→ Activity
Reproduce each record exactly. The pictures should be skipped.

→ Stored data
++++++

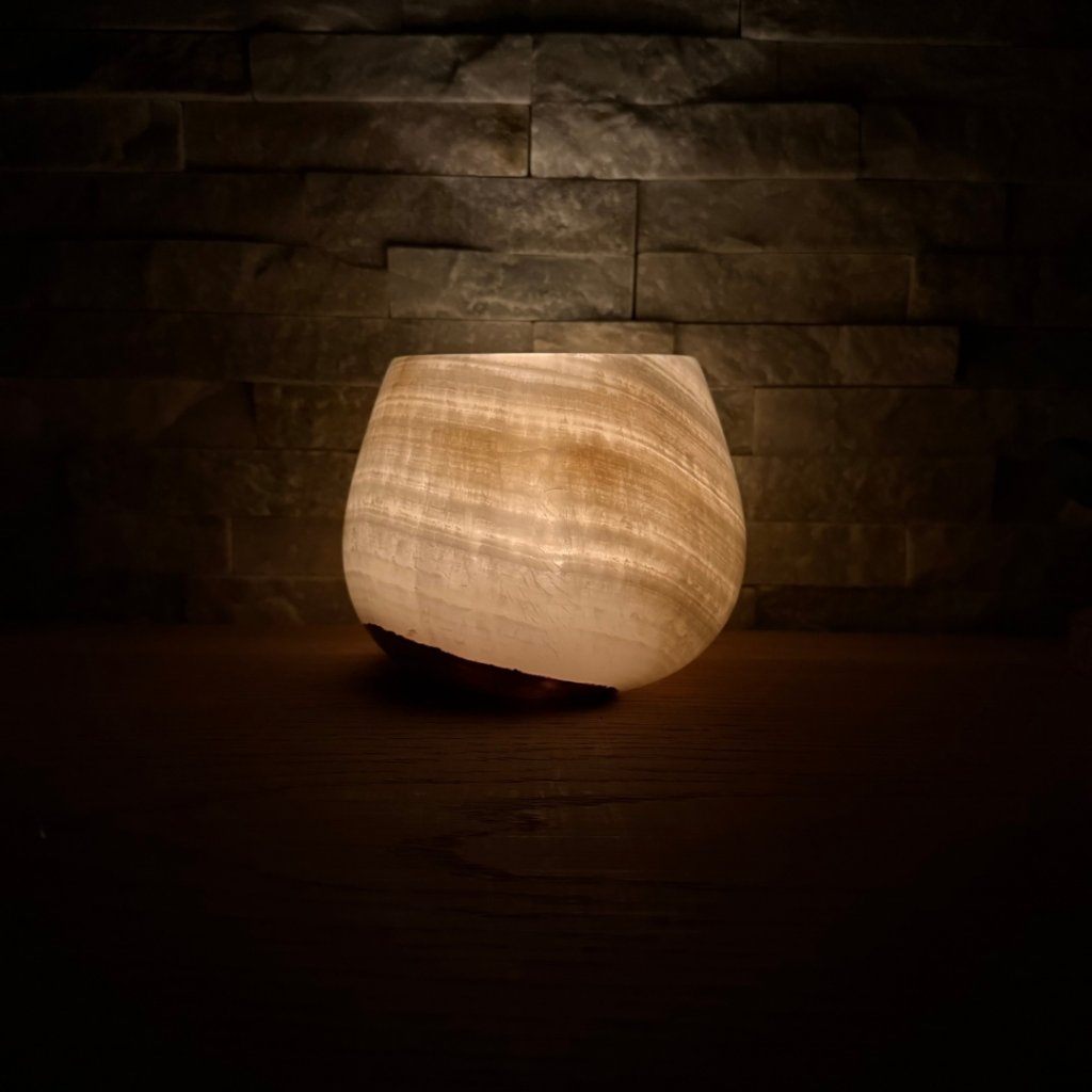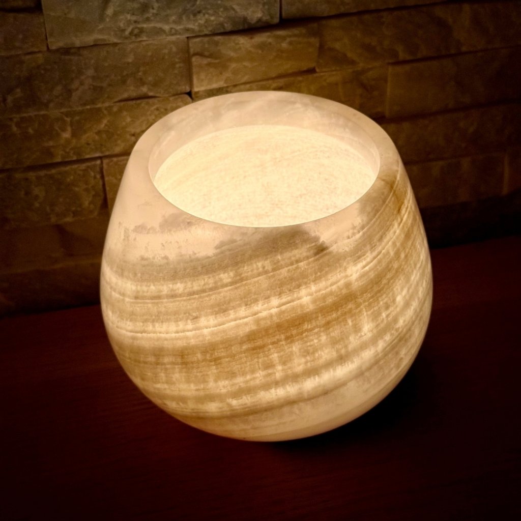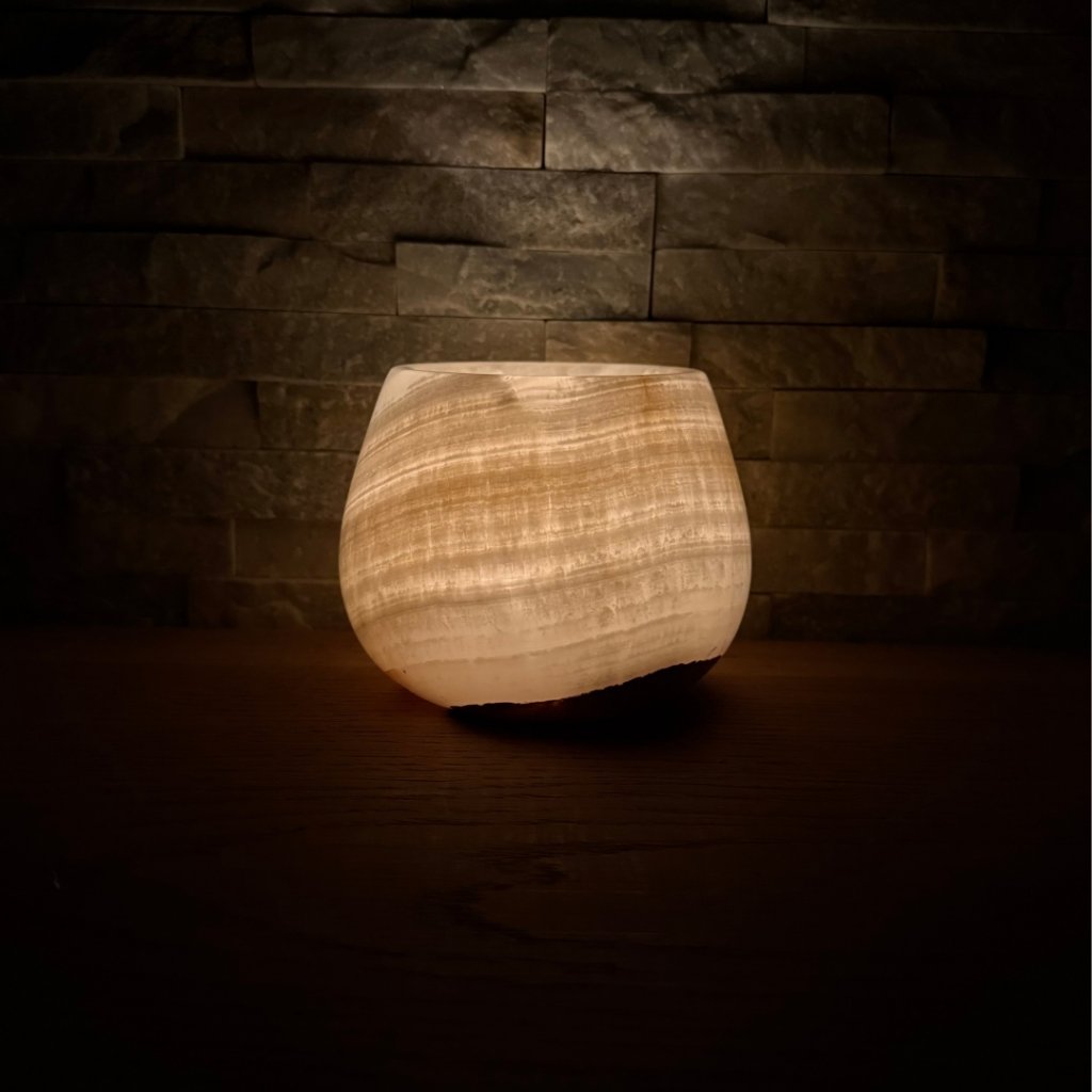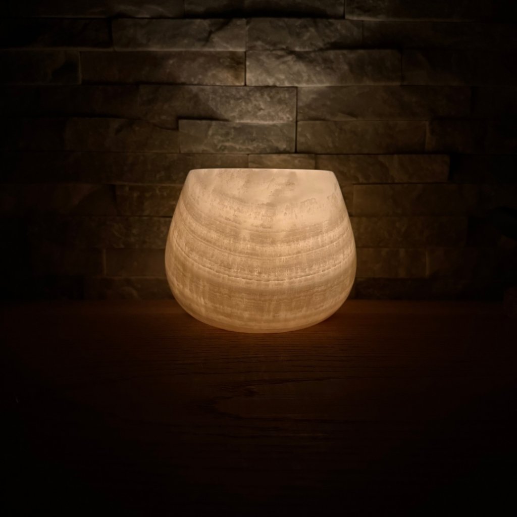 Svícen je vyroben z přírodního aragonitu, známého také jako pákistánský onyx. Tento kámen vyniká pevností, jemným leskem a přirozenou kresbou, která vznikala po tisíce let. Kupujete přesně ten svícen, který vidíte na fotografiích, žádný náhodný výběr, ale konkrétní originální kus.
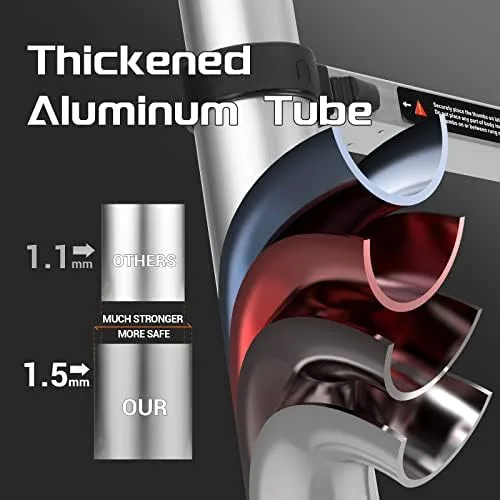 Durable A-alloy material – Adopt high strength and high load capacity thick aluminum alloy. The middle of plastic parts is fixed through screws, surely 100% secure. Thickened plastic parts makes the load-bearing capacity up to 330lbs . The surface is treated with aluminum oxidation for long service life.
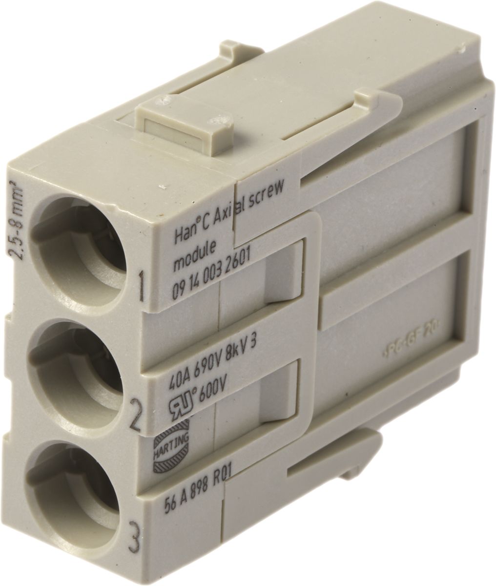 | Product description | HARTING Han-Modular Heavy Duty Power Connector Module, 3 contacts, 40A, Male |
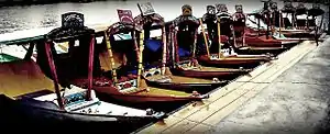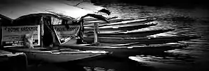 The shikara is a type of wooden boat found on Dal Lake and other water bodies of Srinagar in Jammu and Kashmir, India. Shikaras are of various sizes and are used for multiple purposes, including transportation. A usual shikara seats six people, with the driver paddling at the rear. Like the Venetian gondolas, they are a cultural symbol of Kashmir. Some shikaras are still used for fishing, harvesting aquatic vegetation (usually for fodder), and transport, while most are covered with tarpaulins and are used by tourists. Some are used as floating homes.[1][2]
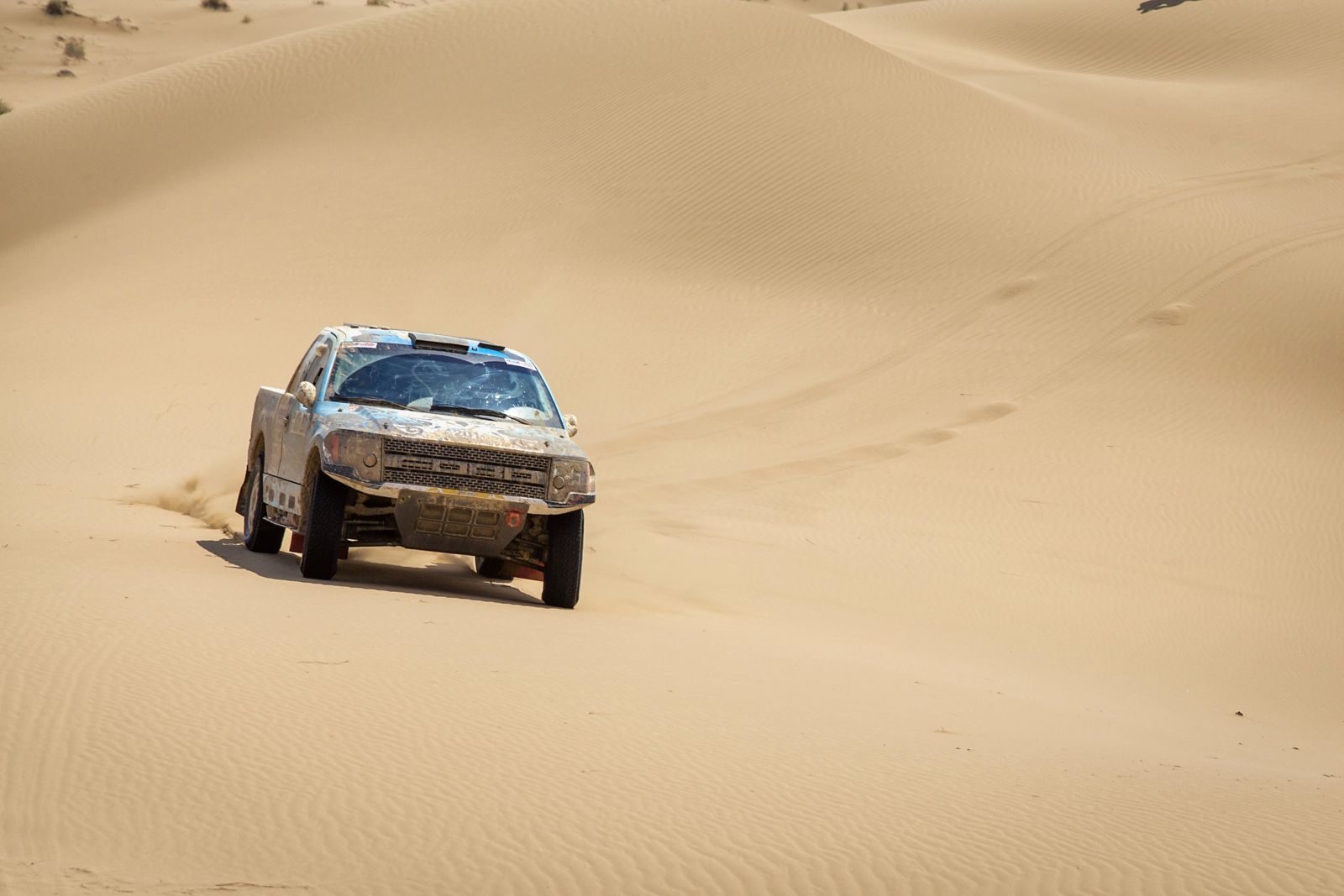 - Попали в какую-то природную полосу, аномалия. Прошел сильнейший дождь, столько воды, всё залито, и перемещаться было крайне сложно. Я ехал быстрее впереди и заехал в непонятную грязь. Выбираться приходилось с помощью наших друзей, помогали там сандтраки и так далее, потому что машина провалилась. А в общем и целом, песок такой грамотный, я скажу сегодня. Причем на вершинах не было видно рельефа вообще. Солнце находится в пике и барханы не оттеняются. Едешь будто по чему-то абсолютно желтому, только по машине чувствуешь что подпрыгивает, - комментирует лидер четвертого этапа пилот команды Kazakhstan Андрей Чередников.
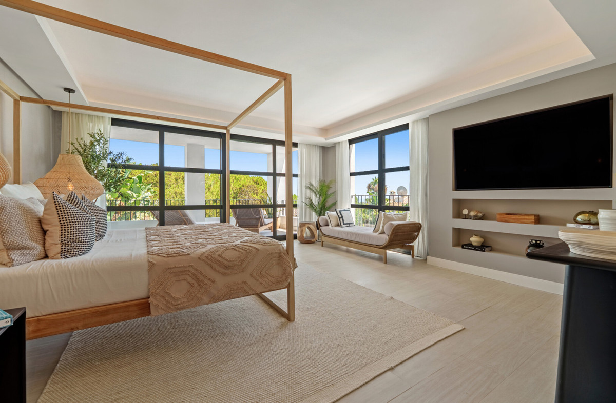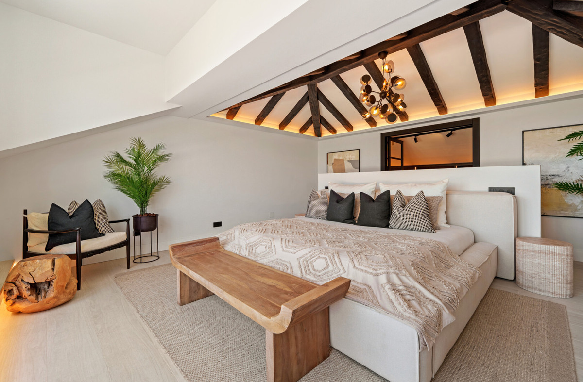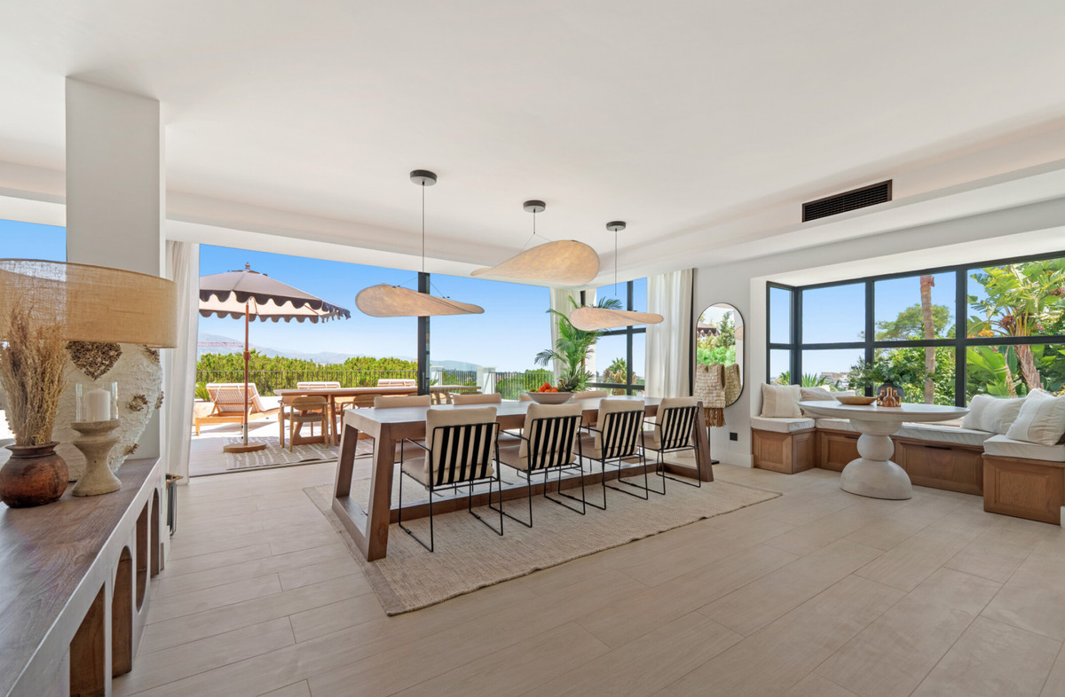 In the heart of prestigious Nueva Andalucía, just minutes from Puerto Banús, this extraordinary five-level 965 m² villa sits on a 1,474 m² plot oriented towards panoramic views of the Mediterranean Sea, La Concha mountain, and the surrounding landscape.
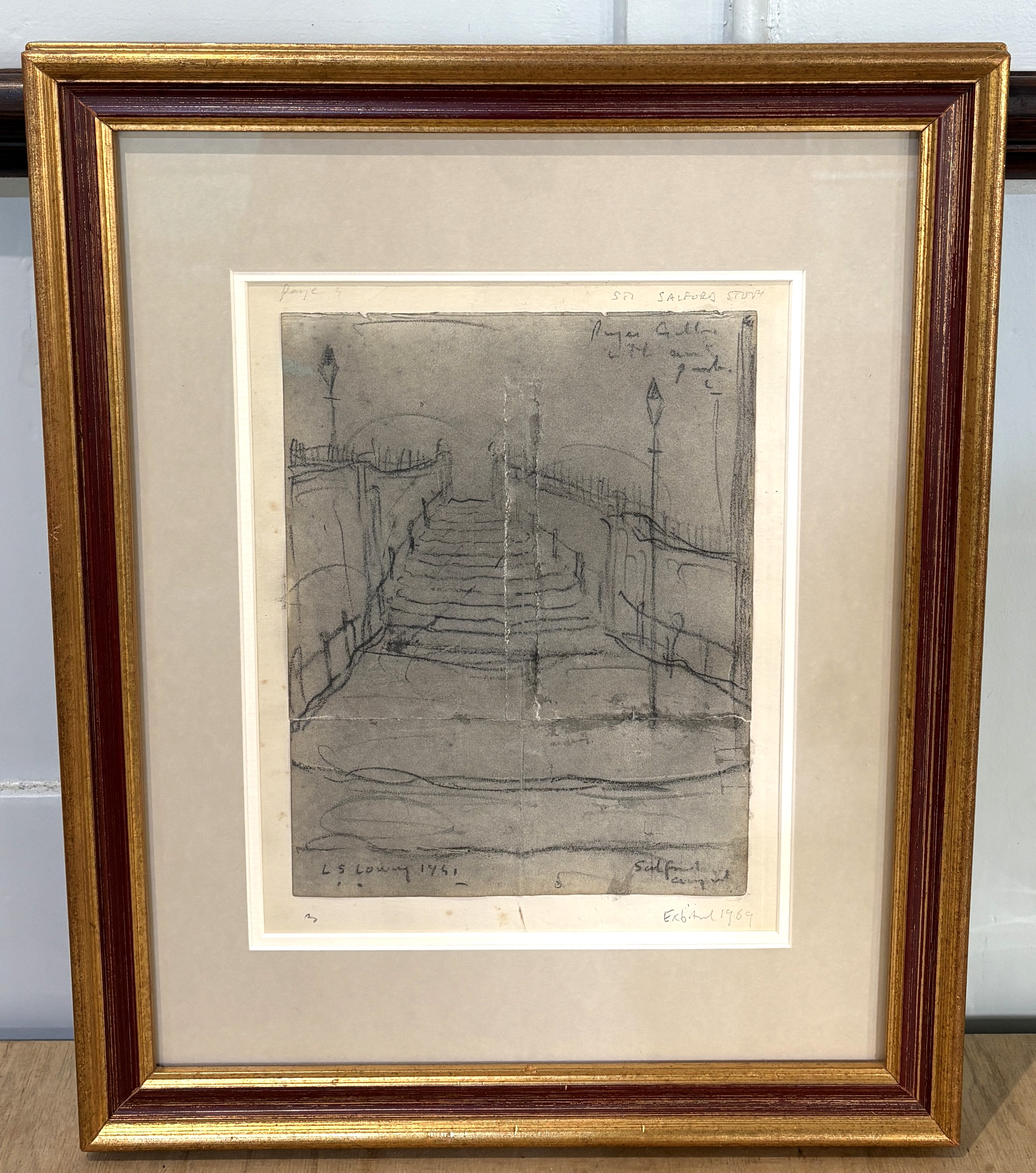 Laurence Stephen Lowry RBA RA (British, 1887 - 1976), 'Salford Steps', pencil drawing, likely a preparatory sketch, signed and dated 1941, variously inscribed front and verso, 24cm by 18cm, inset double sided modern frame, (af).

++++++

→ Answer to the problem
 Svícen je vyroben z přírodního aragonitu, známého také jako pákistánský onyx. Tento kámen vyniká pevností, jemným leskem a přirozenou kresbou, která vznikala po tisíce let. Kupujete přesně ten svícen, který vidíte na fotografiích, žádný náhodný výběr, ale konkrétní originální kus.
 Durable A-alloy material – Adopt high strength and high load capacity thick aluminum alloy. The middle of plastic parts is fixed through screws, surely 100% secure. Thickened plastic parts makes the load-bearing capacity up to 330lbs . The surface is treated with aluminum oxidation for long service life.
 | Product description | HARTING Han-Modular Heavy Duty Power Connector Module, 3 contacts, 40A, Male |
 The shikara is a type of wooden boat found on Dal Lake and other water bodies of Srinagar in Jammu and Kashmir, India. Shikaras are of various sizes and are used for multiple purposes, including transportation. A usual shikara seats six people, with the driver paddling at the rear. Like the Venetian gondolas, they are a cultural symbol of Kashmir. Some shikaras are still used for fishing, harvesting aquatic vegetation (usually for fodder), and transport, while most are covered with tarpaulins and are used by tourists. Some are used as floating homes.[1][2]
 - Попали в какую-то природную полосу, аномалия. Прошел сильнейший дождь, столько воды, всё залито, и перемещаться было крайне сложно. Я ехал быстрее впереди и заехал в непонятную грязь. Выбираться приходилось с помощью наших друзей, помогали там сандтраки и так далее, потому что машина провалилась. А в общем и целом, песок такой грамотный, я скажу сегодня. Причем на вершинах не было видно рельефа вообще. Солнце находится в пике и барханы не оттеняются. Едешь будто по чему-то абсолютно желтому, только по машине чувствуешь что подпрыгивает, - комментирует лидер четвертого этапа пилот команды Kazakhstan Андрей Чередников.
 In the heart of prestigious Nueva Andalucía, just minutes from Puerto Banús, this extraordinary five-level 965 m² villa sits on a 1,474 m² plot oriented towards panoramic views of the Mediterranean Sea, La Concha mountain, and the surrounding landscape.
 Laurence Stephen Lowry RBA RA (British, 1887 - 1976), 'Salford Steps', pencil drawing, likely a preparatory sketch, signed and dated 1941, variously inscribed front and verso, 24cm by 18cm, inset double sided modern frame, (af).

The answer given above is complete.